▶ [EXCERPTED RECORDS]

%%

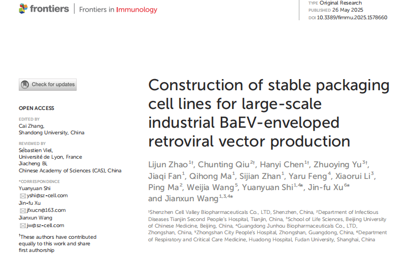 2025年5月26日,深圳evo真人视讯团队在《Frontiers in Immunology》(中科院2区,IF 5.7)杂志发表了题为“Construction of stable packaging cell lines for large-scale industrial BaEV-enveloped retroviral vector production”的研究报告。本文详细介绍了一种BaEV包膜逆转录病毒载体的稳定包装细胞系的构建,该细胞系所制备的逆转录病毒载体更适用于NK、T等原代细胞转导。现在,我司所构建的BaEV稳转包装细胞系于2024年7月17日保藏于广东省微生物菌种保藏中心,并已授权相关专利。
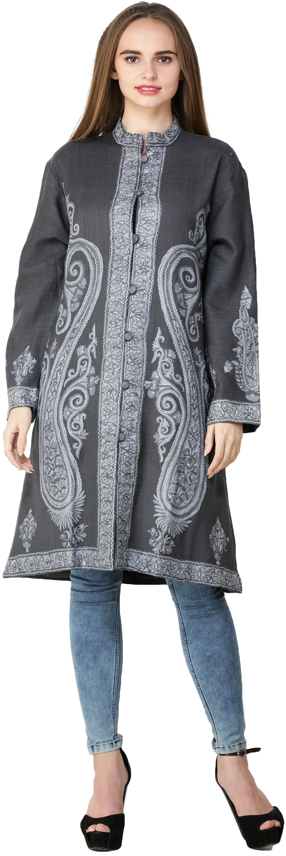 Pure Wool Cape Jacket with Sozni Embroidery and Front Pockets
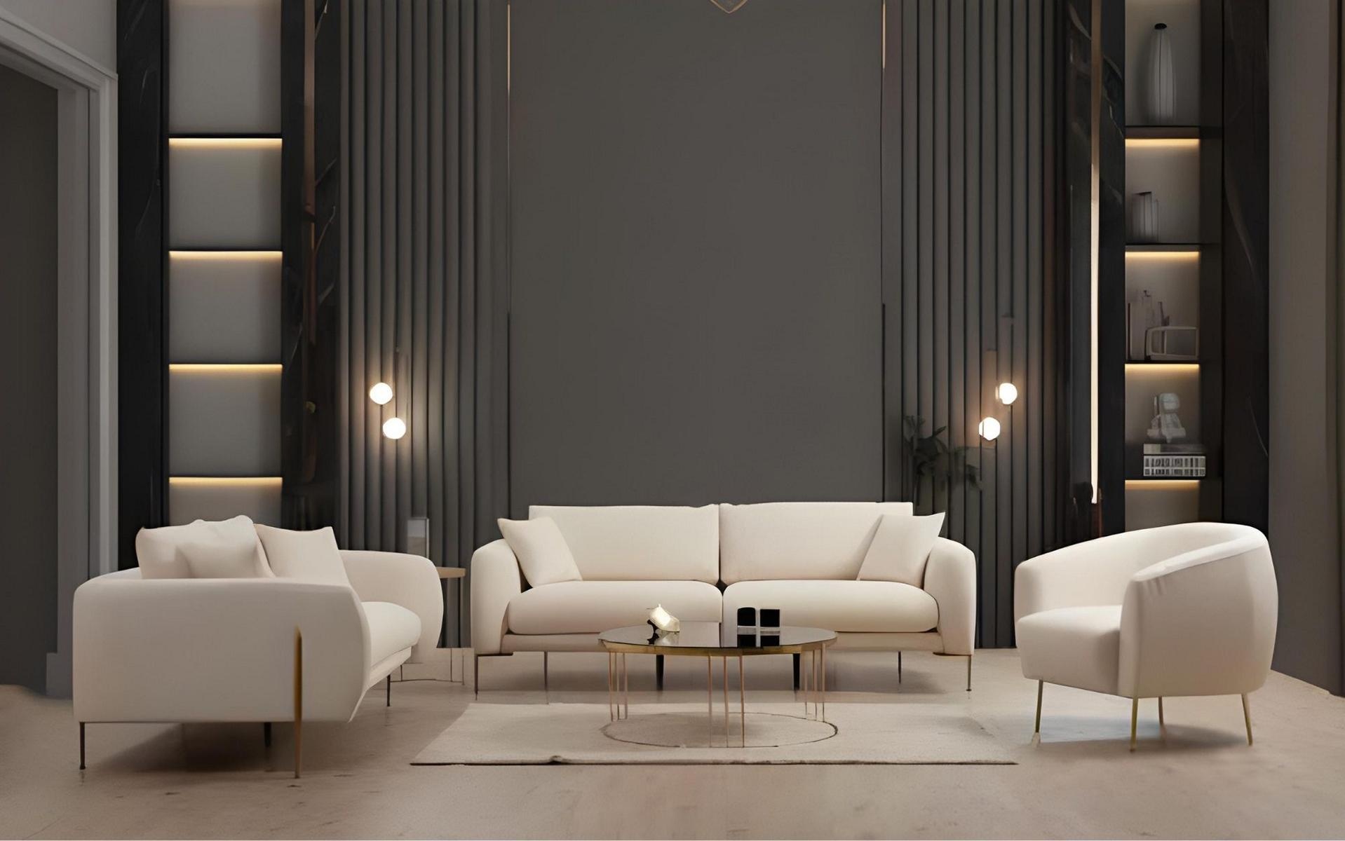 Set kavča za dnevno sobo, trosed, je vrhunec sodobne elegancije. Izdelan iz kakovostnega belega poliestra, ta luksuzna blazina prinaša občutek nedosegljivega udobja in sofisticiranosti v vašo dnevno sobo. Njegova brezčasna oblika in premišljena zasnova se brez težav vključita v različne notranje sloge, kar omogoča ustvarjanje ekskluzivnega domačega ambienta. Združuje funkcionalnost in estetiko, kar ga postavlja med najbolj zaželjene kose pohištva. Z več kot dvajsetletno tradicijo v svetu luksuznega pohištva, ta trosed ne le da izpolnjuje visoke standarde kakovosti, temveč tudi obdarja vsak prostor s pridihom prestiža. Idealna izbira za tiste, ki cenijo lepoto in udobje.
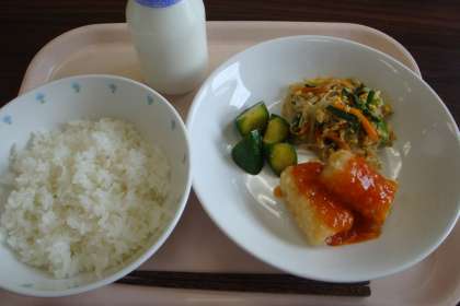 今日の給食:ごはん いかチリソース 春雨と野菜の五目炒め
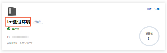 - 在物联网平台控制台的实例概览页面,单击实例iot测试环境。
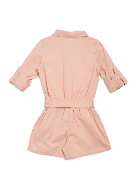 Acest Salopet Dragut Din Denim Are Guler Pliat, Fermoar, Centură De Cravată în Talie, Mâneci Rulante, Manșete Rulate și Buzunare Frontale. Detalii De Nasturi Inspirate Din Cristale.
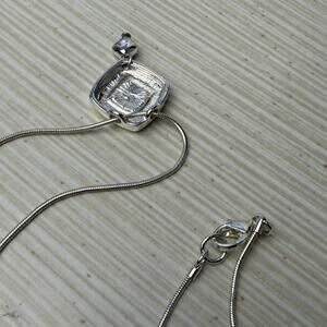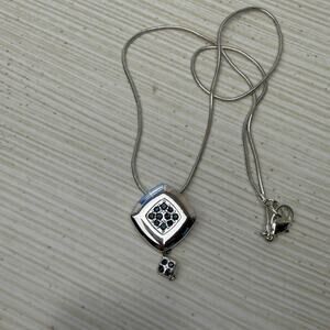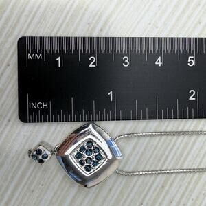 White Gold Pendant Necklace with Blue Gemstones Dangling Charm 16 in Chain
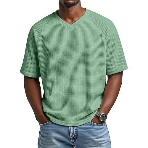 Da uomo Maglietta Waffle Maglietta Manica Corta Scollo a V Estate Tinta unica Moda Designer Casual Manica corta Casuale Quotidiano All'aperto Blu chiaro Nero Bianco Maglietta Top per Uomo
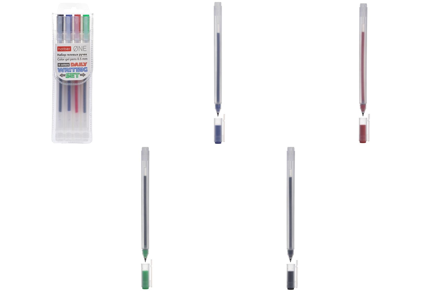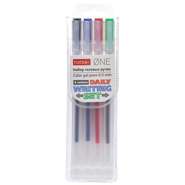 Набор гелевых ручек Hatber One 4 цв. 0,5мм в пластиковом пенале с европодвесом
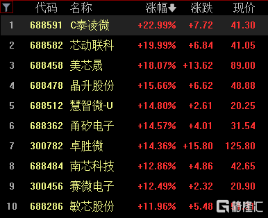 半导体板块表现强势,芯动联科20cm涨停,晶升股份涨超15%,慧智微-U、卓胜微涨超14%,南芯科技等跟涨。
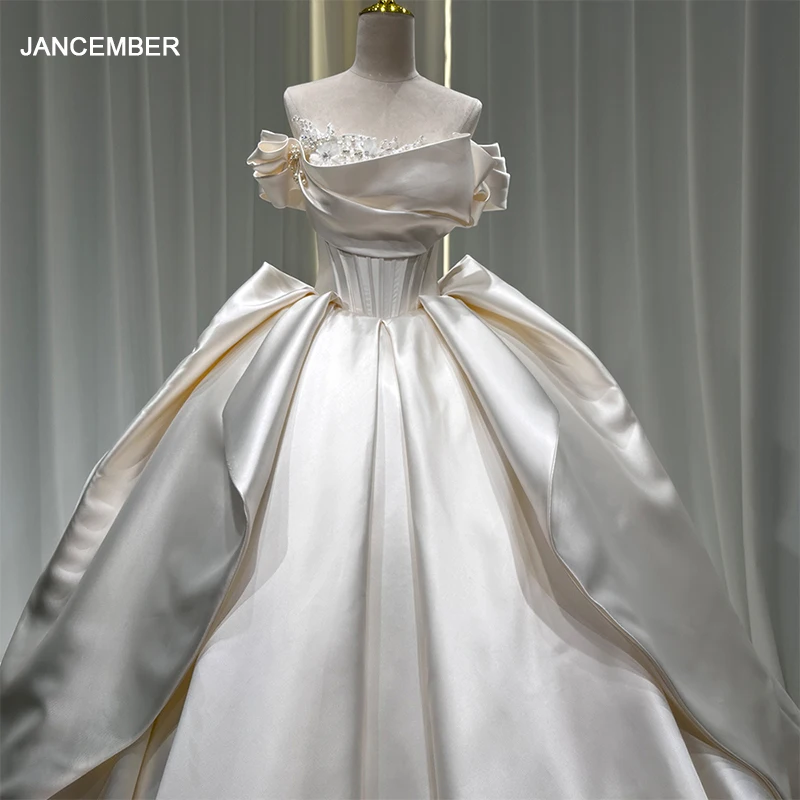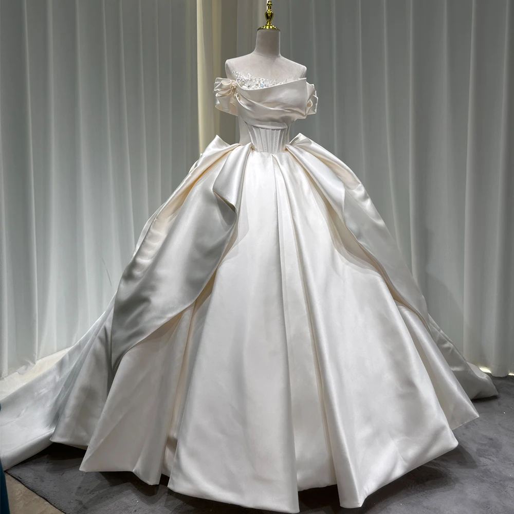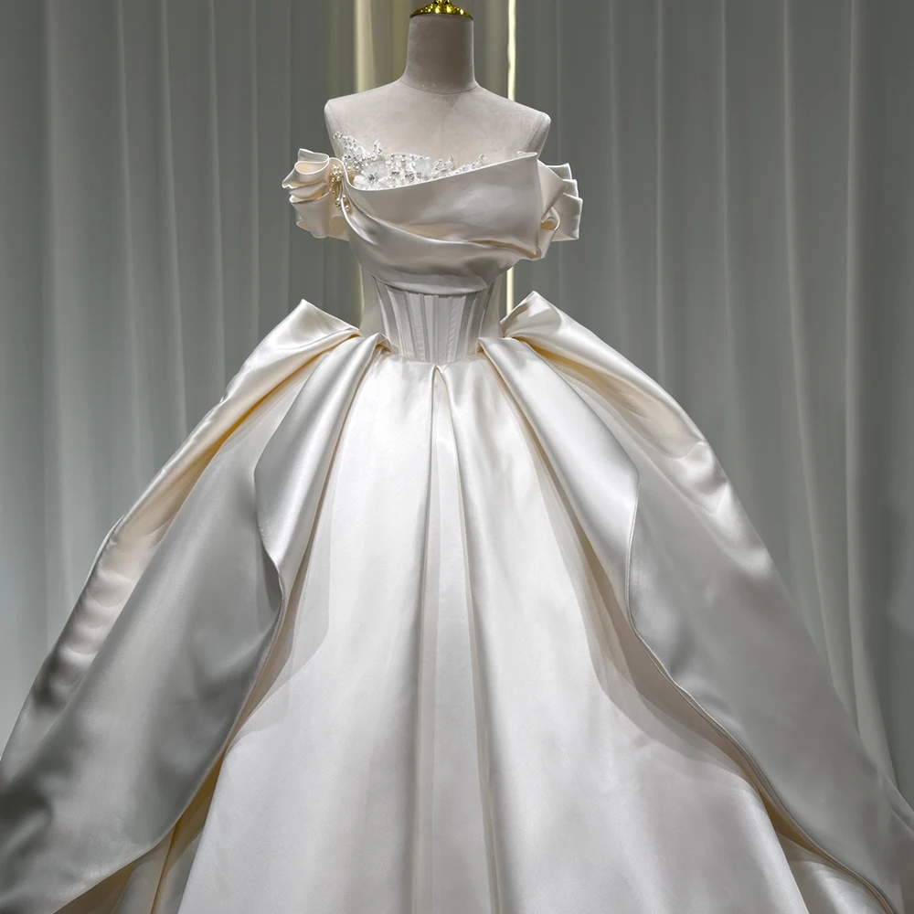 Key word: Off Shoulder Satin Layered Cathedral Train Pearl Wedding Dress

%%

▶ [TASK DIRECTIONS]
Transcribe the data exactly and leave no picture in the copy.

▶ [ANSWER TO THIS TASK]
 2025年5月26日,深圳evo真人视讯团队在《Frontiers in Immunology》(中科院2区,IF 5.7)杂志发表了题为“Construction of stable packaging cell lines for large-scale industrial BaEV-enveloped retroviral vector production”的研究报告。本文详细介绍了一种BaEV包膜逆转录病毒载体的稳定包装细胞系的构建,该细胞系所制备的逆转录病毒载体更适用于NK、T等原代细胞转导。现在,我司所构建的BaEV稳转包装细胞系于2024年7月17日保藏于广东省微生物菌种保藏中心,并已授权相关专利。
 Pure Wool Cape Jacket with Sozni Embroidery and Front Pockets
 Set kavča za dnevno sobo, trosed, je vrhunec sodobne elegancije. Izdelan iz kakovostnega belega poliestra, ta luksuzna blazina prinaša občutek nedosegljivega udobja in sofisticiranosti v vašo dnevno sobo. Njegova brezčasna oblika in premišljena zasnova se brez težav vključita v različne notranje sloge, kar omogoča ustvarjanje ekskluzivnega domačega ambienta. Združuje funkcionalnost in estetiko, kar ga postavlja med najbolj zaželjene kose pohištva. Z več kot dvajsetletno tradicijo v svetu luksuznega pohištva, ta trosed ne le da izpolnjuje visoke standarde kakovosti, temveč tudi obdarja vsak prostor s pridihom prestiža. Idealna izbira za tiste, ki cenijo lepoto in udobje.
 今日の給食:ごはん いかチリソース 春雨と野菜の五目炒め
 - 在物联网平台控制台的实例概览页面,单击实例iot测试环境。
 Acest Salopet Dragut Din Denim Are Guler Pliat, Fermoar, Centură De Cravată în Talie, Mâneci Rulante, Manșete Rulate și Buzunare Frontale. Detalii De Nasturi Inspirate Din Cristale.
 White Gold Pendant Necklace with Blue Gemstones Dangling Charm 16 in Chain
 Da uomo Maglietta Waffle Maglietta Manica Corta Scollo a V Estate Tinta unica Moda Designer Casual Manica corta Casuale Quotidiano All'aperto Blu chiaro Nero Bianco Maglietta Top per Uomo
 Набор гелевых ручек Hatber One 4 цв. 0,5мм в пластиковом пенале с европодвесом
 半导体板块表现强势,芯动联科20cm涨停,晶升股份涨超15%,慧智微-U、卓胜微涨超14%,南芯科技等跟涨。
 Key word: Off Shoulder Satin Layered Cathedral Train Pearl Wedding Dress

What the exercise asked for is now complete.